Share your dilemmas and get honest opinions from other Mumsnetters.

To ask if I should reply to this weird Facebook message?

337 replies

thalita605 · 23/10/2022 21:24

Just that really.

Been with DP for 2.5 years, we have an 8mo together and our relationship is good and he's a good dad to DD. He's currently working away and this afternoon I had a message request on FB from what I assume is a teenage boy, although he doesn't have any pictures himself on his account, unless he's made it all private. He said he was DP’s son, he doesn't know if DP has told me about him but he wants to meet. I don't know if this is genuine or not, as he's never mentioned a son, neither has MIL, I've not met other family members as he doesn't speak to them.

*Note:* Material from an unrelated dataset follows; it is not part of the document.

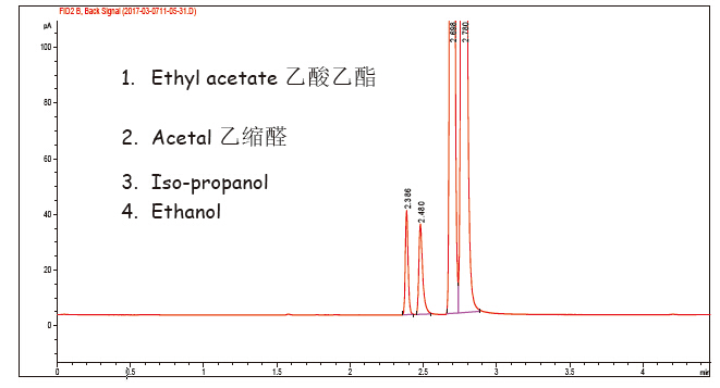 結(jié)論:白酒中一項主要考察指標(biāo),乙酸乙酯與乙縮醛在 FB-Wine 氣相柱上可以很容易在 50 ℃左右達(dá)到基線分離.

I'm not sure if I should reply or not, part of me doesn't think I should but another part things I should. WWYD?

OP posts:
LiesDoNotBecomeUs · 26/10/2022 12:32

It is hard to see why the boy contacted you rather than his father. (Thanks to fairy-tales, unknown step-mothers are not usually seen as sympathetic.)

Your partner has no reason to lie to you on this.
(There is nothing wrong with having had a relationship in the past.
I assume the boy is saying his 'dad' knew nothing about him?)

It does sound like a scam.

thelobsterquadrille · 26/10/2022 12:33

CapMarvel · 26/10/2022 11:56

Everything about this screams a scam.

See, lots of people keep saying this but nobody has actually come up with a convincing way it would actually work apart from saying it's to get money 🤷🏻‍♀️

But how many people are actually stupid enough to give out all their personal details or start sending money to a stranger 🤦‍♀️

This boy knows the name of the brother even though the DP has no contact with him and they're not linked on social media.

How would a random scammer know that information? And if it was a scammer, wouldn't they be a bit more sophisticated than this?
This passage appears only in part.